Eu sei que há muito mais para falar a partir da exploração dos sagrados arquétipos, mas não me sinto capaz de caminhar mais avante.
É minha esperança que alguém retome o assunto com mais propriedade.
Eu sei que não foi por acaso que encontrei aquele artigo na Internet. Sei também que já é hora de não termos em nosso coração atitude ou de julgamento ou de condenação por quem quer que seja.
Se dependesse de mim, Judas estaria salvo, gozando o gozo merecido em paga do  horrendo papel que ele teve de desempenhar.
Judas está salvo, pois faz parte da Igreja a que pertencemos!
Deo gratias!
Com ósculo santo,
o peregrino.


P.S.: Muito vacilei antes de colocar essa matéria no ar.
Quem quiser que se manifeste: estou pronto para receber o que vier.
E, se necessário for, reescrever a minha esperança.

P.S. do P.S.  Tirei do ar e tentei dar-lhe uma redação mais especificante e mais clara.

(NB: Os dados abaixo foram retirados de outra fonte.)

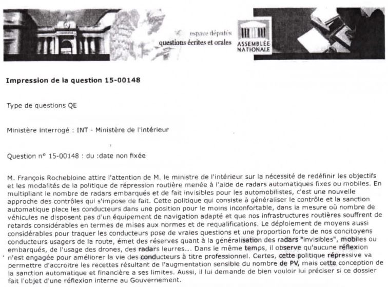 Plusieurs députés interpellent le gouvernement sur la question des radars invisibles. C’est notamment le cas du député François Rochebloine qui vise le cœur du problème :
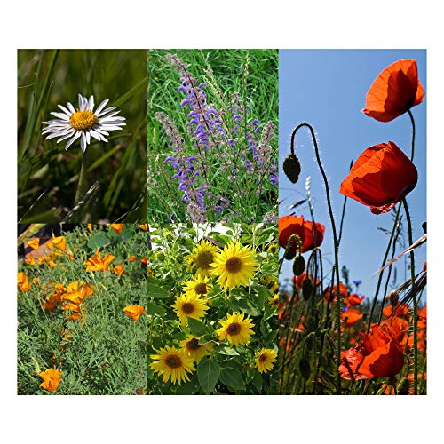 Deze zaadset bevat 5 kleurrijke, éénjarige zomer bloemen soorten : Wilde Salie, Madeliefjes, Californische gouden papaver, Zonnebloemen en Klaproos
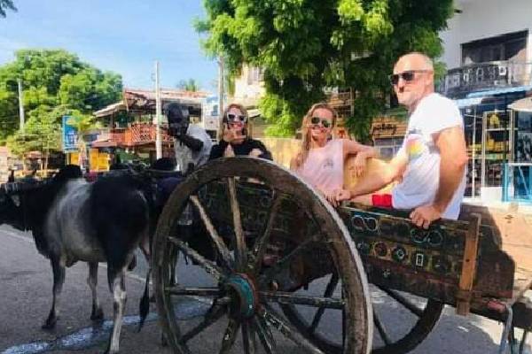 அம்பாறை மாவட்டத்தில் சுற்றுலாத்துறைக்கு புகழ்பெற்று காணப்படுகின்ற பொத்துவில் அறுகம்பை பிரதேசத்தில் வெளிநாட்டு சுற்றுலா பயணிகள் மாட்டு வண்டியில் பிரயாணம் செய்து வருகின்றனர்.
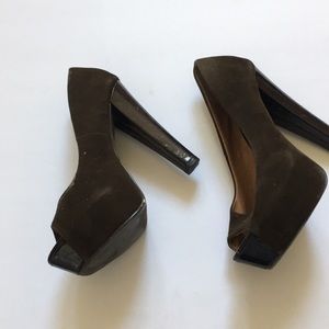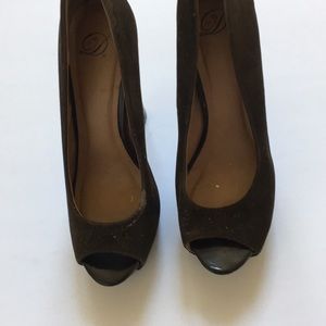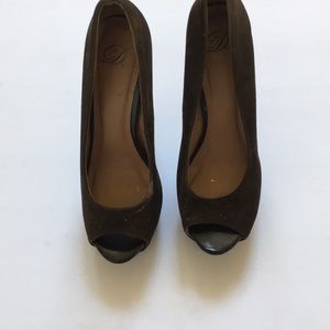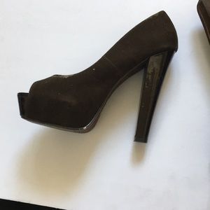 Done in a rich chocolate brown these manmade pumps feel like suede with a patent heel and a peep toe
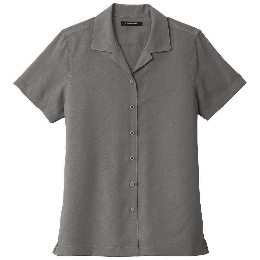 Port Authority Women's Graphite Short Sleeve Performance Staff Shirt provides the perfect canvas for an embroidery design of your choosing. The 100% polyester, lightweight short sleeve shirt is fashion forward and functional for the office or a day out with friends. Complete with stain release, odor-fighting, and moisture wicking technologies, this shirt is a must have at corporate events and daily office wear. Add a corporate logo to advertise your brand or a custom logo to use for daily wear. The camp collar styling is perfect for layering and side vents offer freedom of movement. Place your order right away to add these to your personal wardrobe or give as gifts.Corresponding Men's Style: Port Authority Men's Graphite Short Sleeve Performance Staff Shirt
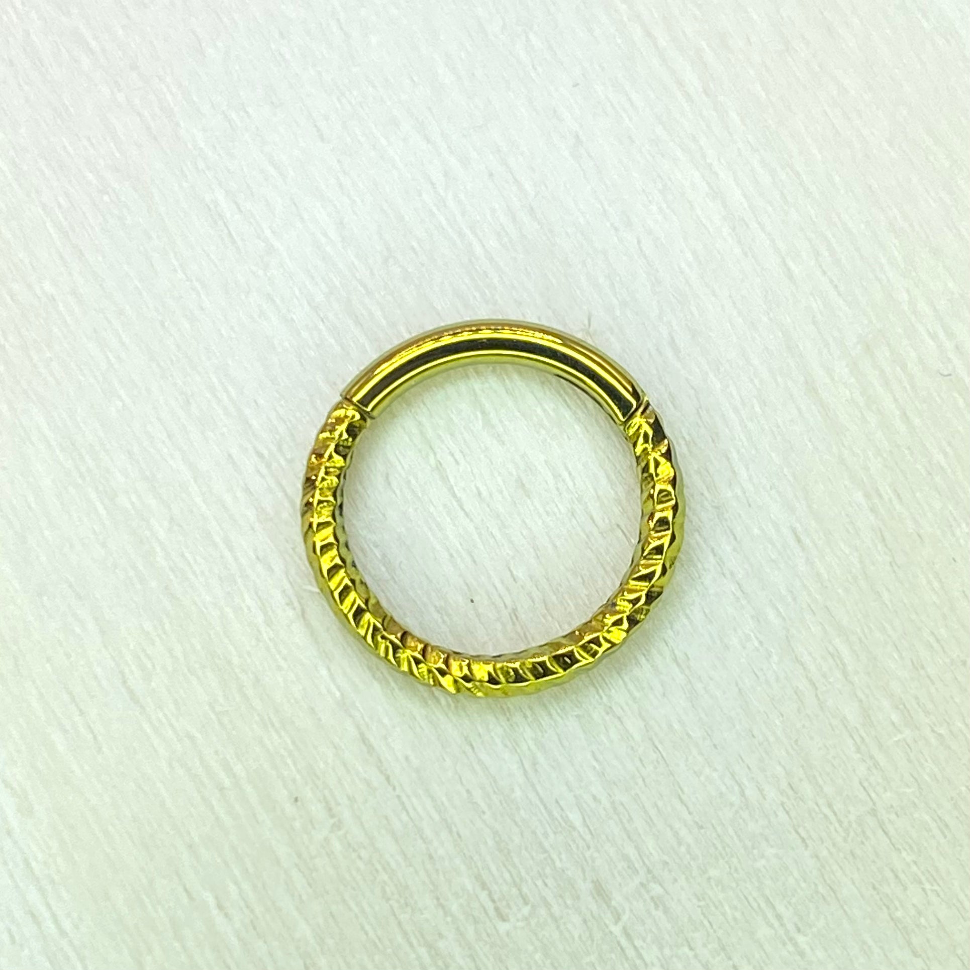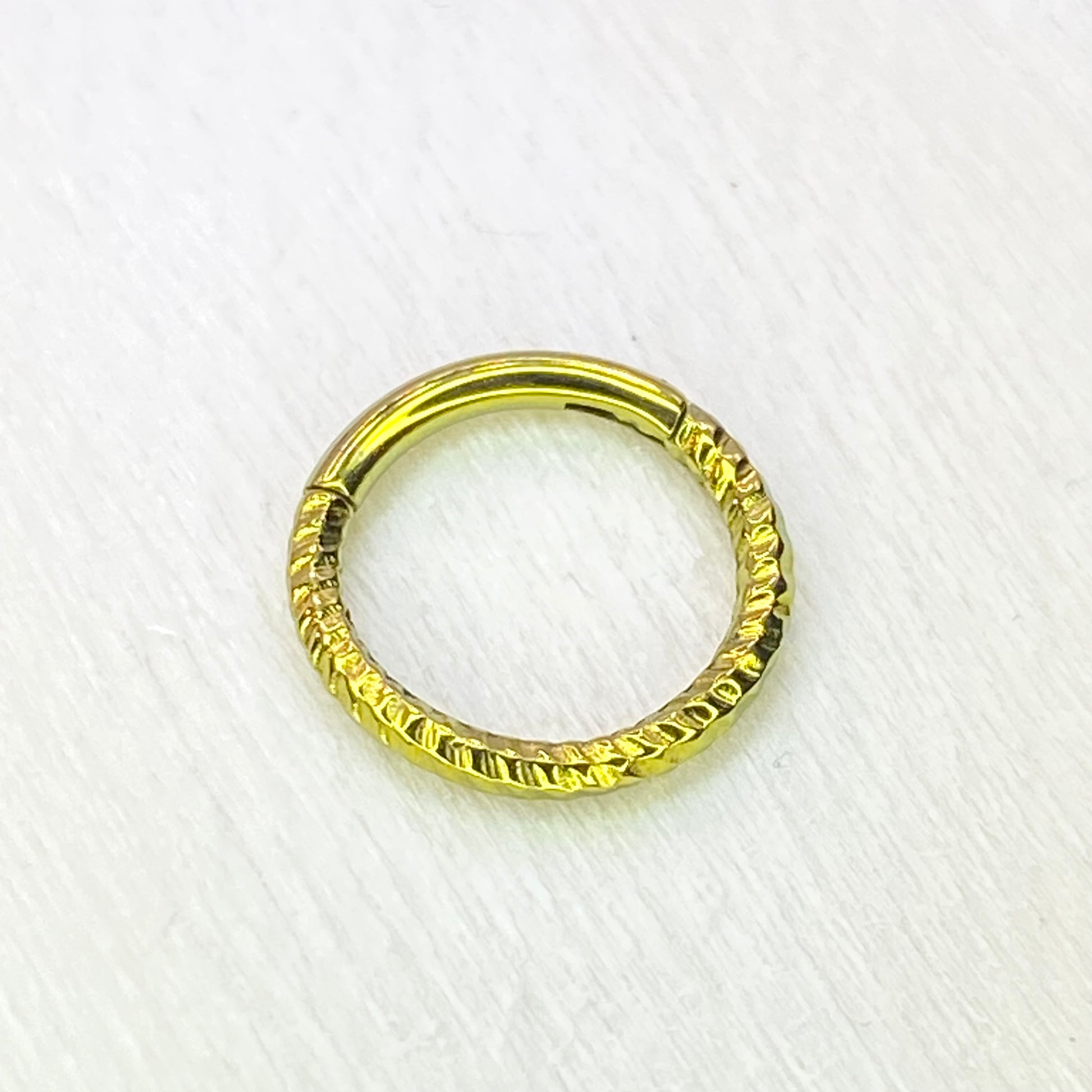 Gold Anodized Twisted Rope Style Medical Grade ASTM F-136 Titanium Hinged Ring Clicker Hoop Helix Cartilage Lobe Septum Hoop size:1.2x8mm
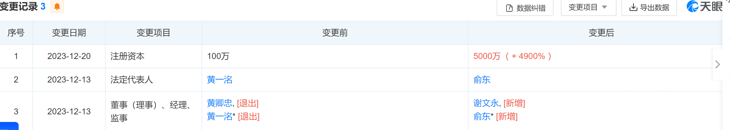 钛媒体APP发现,海南新国的法人代表为黄一洺,而北京吾明则在今年12月13日-12月20日之间突击变更企业信息,其中法人代表由黄一洺变更为俞东,而注册资本由100万元变更为5000万元。
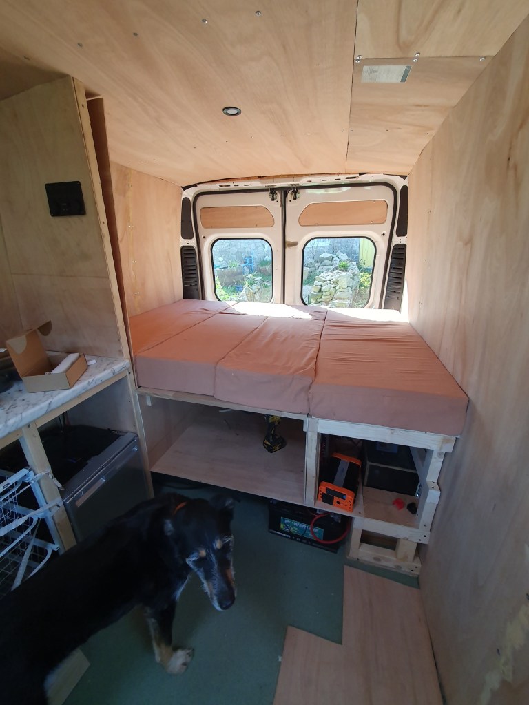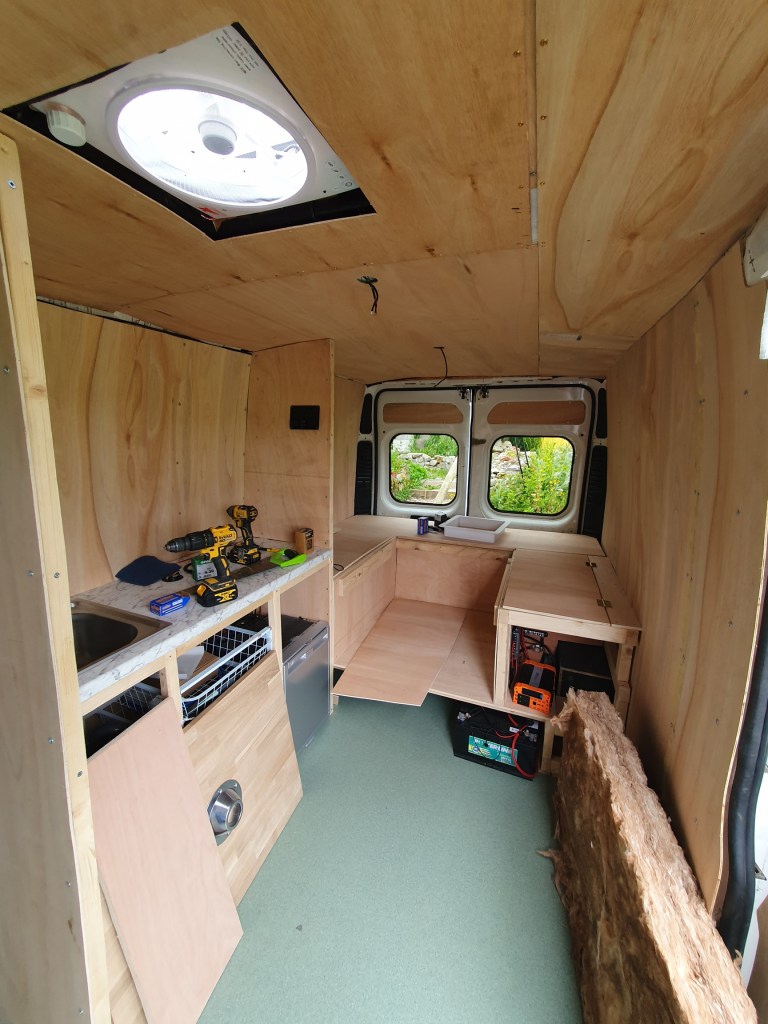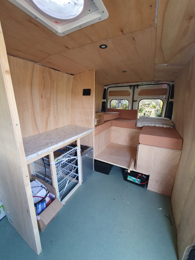 In the end we left with a van with running water, electrics, a bed and a camping stove. All functional, though a little rough around the edges.
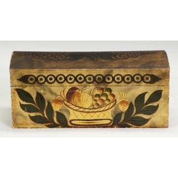 | Lot #: 470 NY State Painted Decorated & Smoke Grained Pine Domed Box |
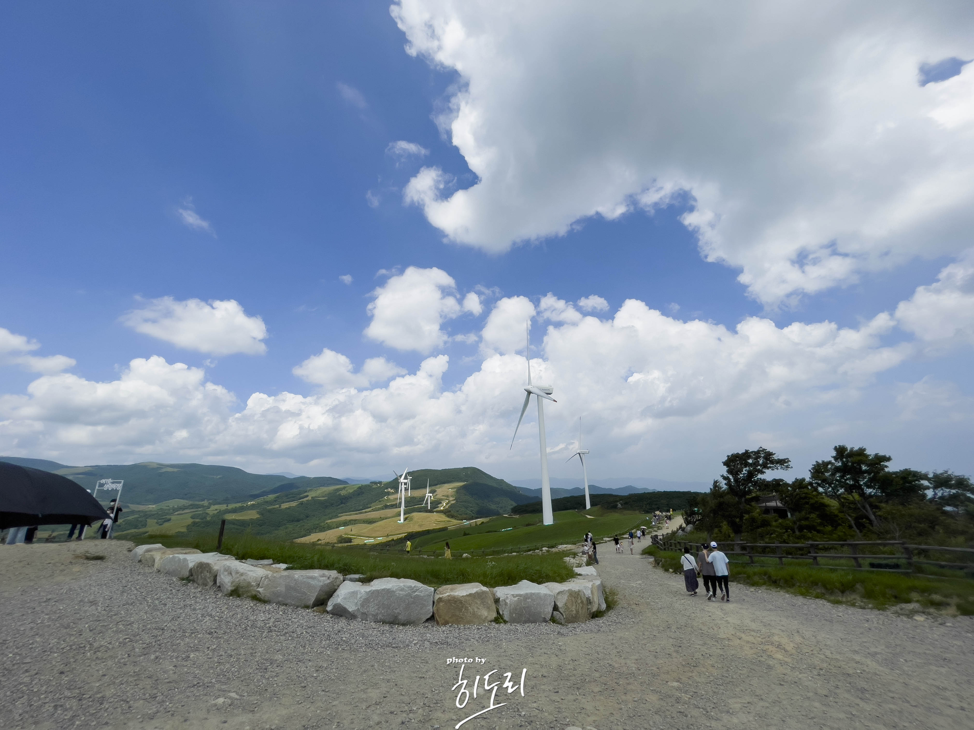 고산지대에서 시원한 바람이 쉬지 않고 불어오는 덕분에 풍력발전기가 엄청 많이 보이는데~ 강원도에서 마치 제주의 냄새가 느껴지는군요.
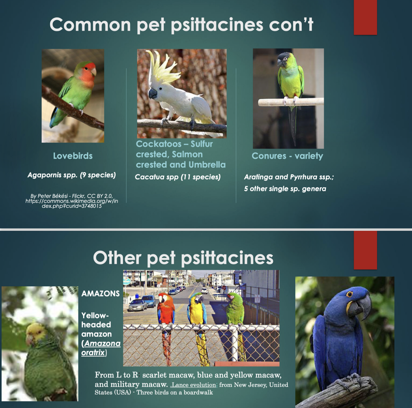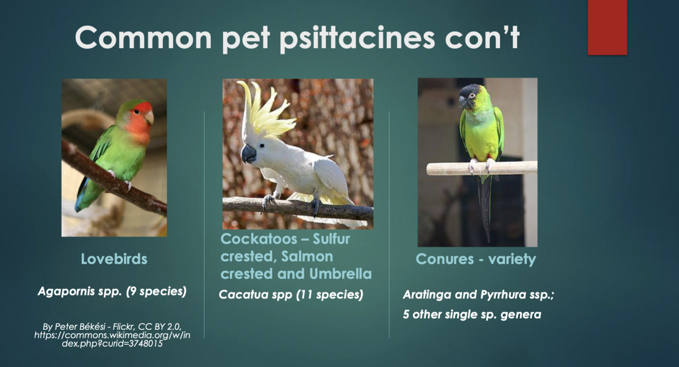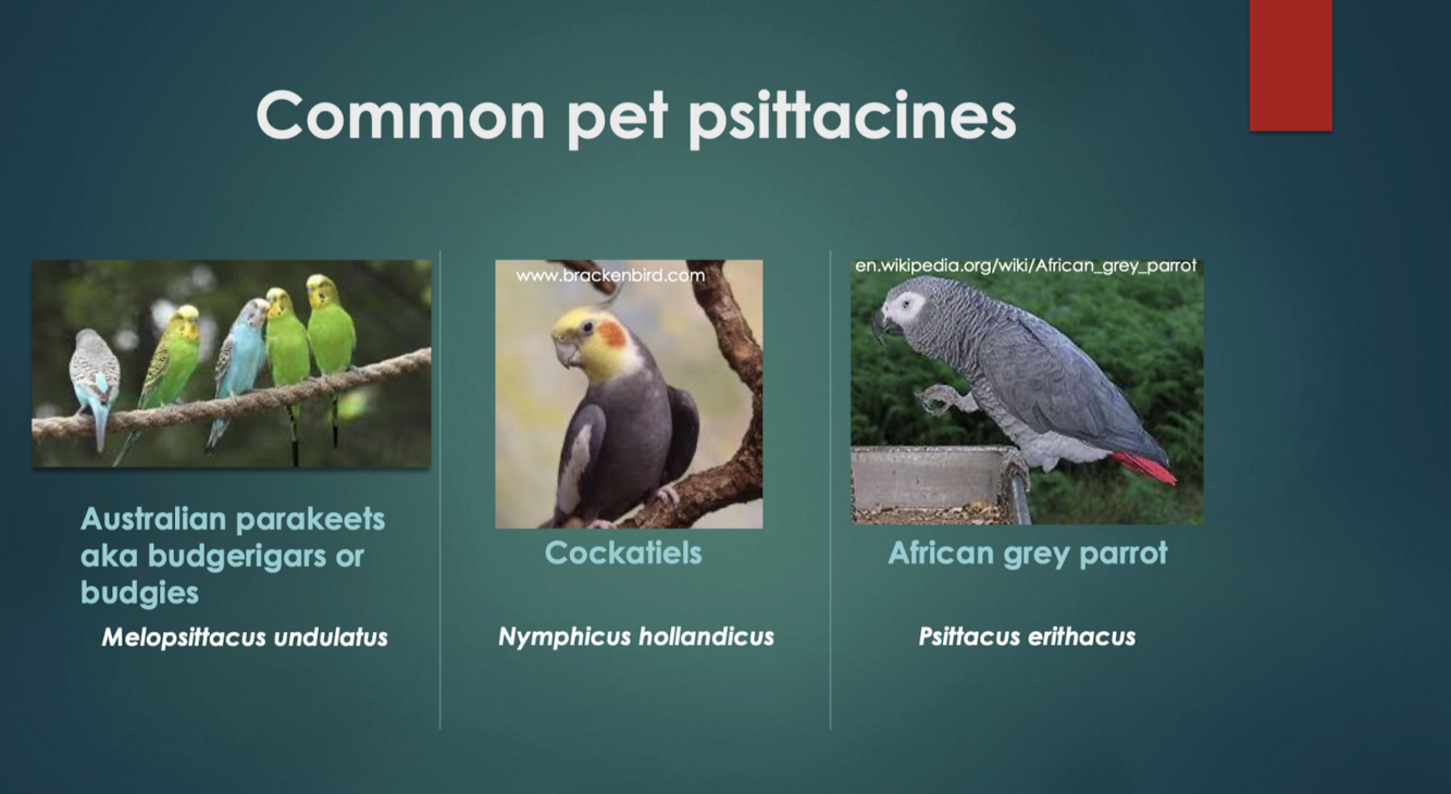 Recognize common pet psittacines
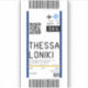 Sticker design based on a boarding pass to Thessaloniki Airport Makedonia, Greece.
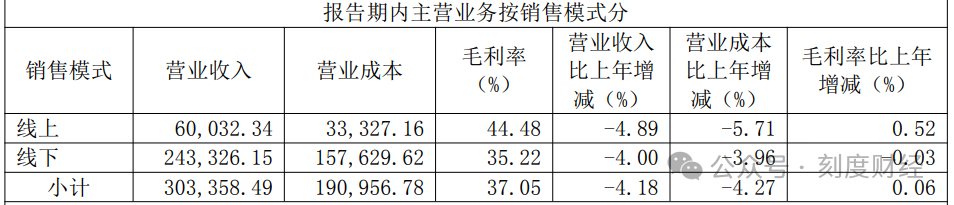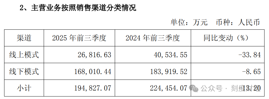 今年前三季度,作为绝对主力的线下渠道实现收入16.80亿元,同比下滑8.65%。线上的销售更显疲软,收入为2.68亿元,同比下滑33.84%。
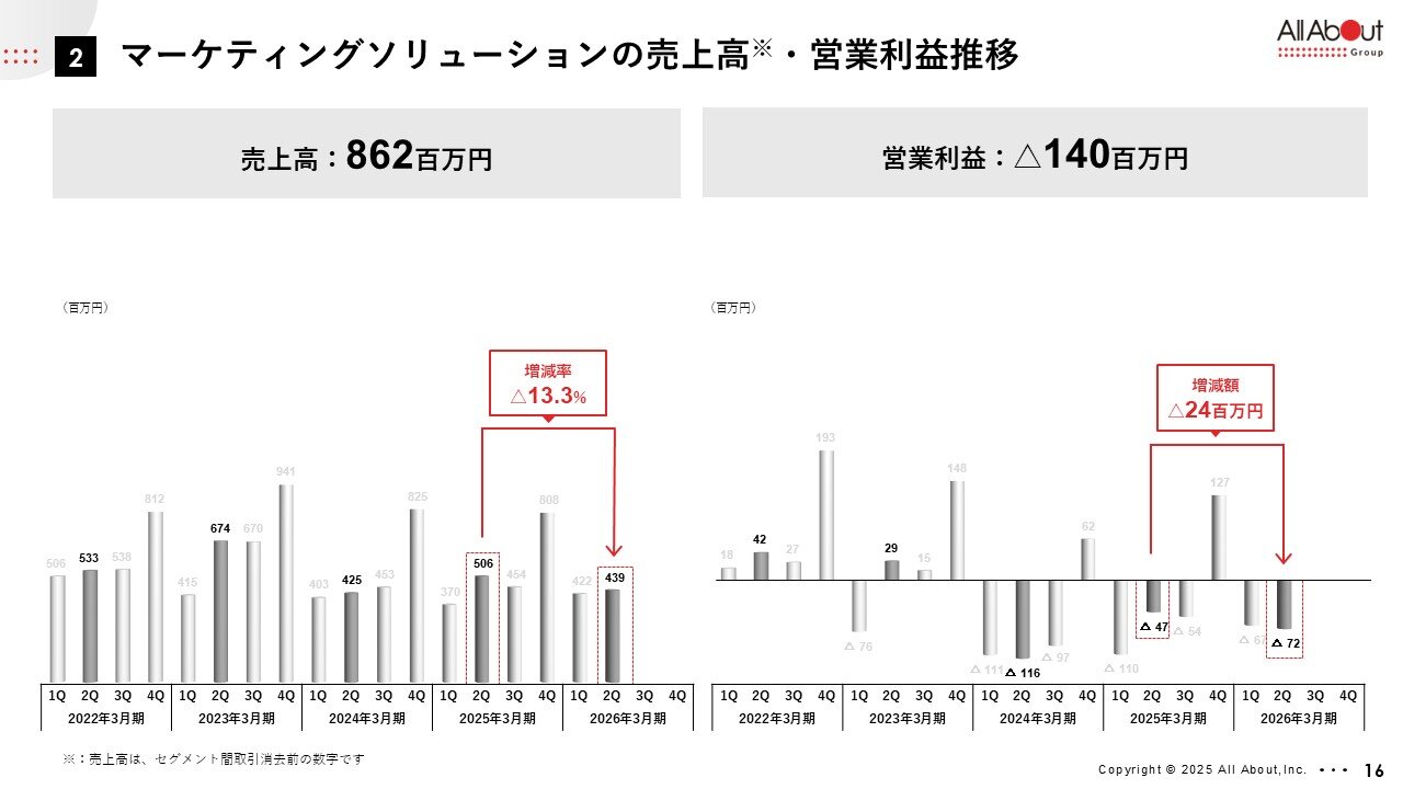 マーケティングソリューションセグメントにおきましては、祖業である「All About」を中心としたデジタルメディアにおいて利用者の流入が減少し、減収となっており、このあたりは大きな事業環境変化が要因で予測できている部分もございます。

Nota do dia 11 de dezembro de 2008, cerca de dois anos após a primeira publicação da matéria:
Hoje, relendo e revisando o texto do ponto de vista do leitor, a minha avaliação é que o texto toca em uma verdade de difícil formulação, pois depende de arquétipos sobre os quais é muito difícil refletir com nossa lógica nos-inerentemente binária.  Sinto que falta ainda algo a acrescentar ou a explicitar, mas não consigo atinar com o que isso seja.  Essa maneira de encarar  Iscariotes está plenamente de acordo com uma visão universalista da doutrina de Jesus Cristo.  Ele, tanto quanto o Seu Pai, não queria que ninguém se perdesse! E poderiam  Eles falhar no Seu intento, no Seu desejo, na Sua vontade? E em pontos tão criticamente delicados do Seu planear?  E poderia ter eu ou qualquer outra pessoa, seja de que coturno for, mais misericórdia e sabedoria do que o mesmo AMOR?  Deus, por força, tem de ser mais misericordioso do que qualquer de suas criaturas!  E Aquele que professa o perdão poderia deixar de perdoar?  E o Omnisciente, o Omnipotente, o Omnipresente, poderia ser menos -- em qualquer aspecto ou questão que seja -- do que a criatura?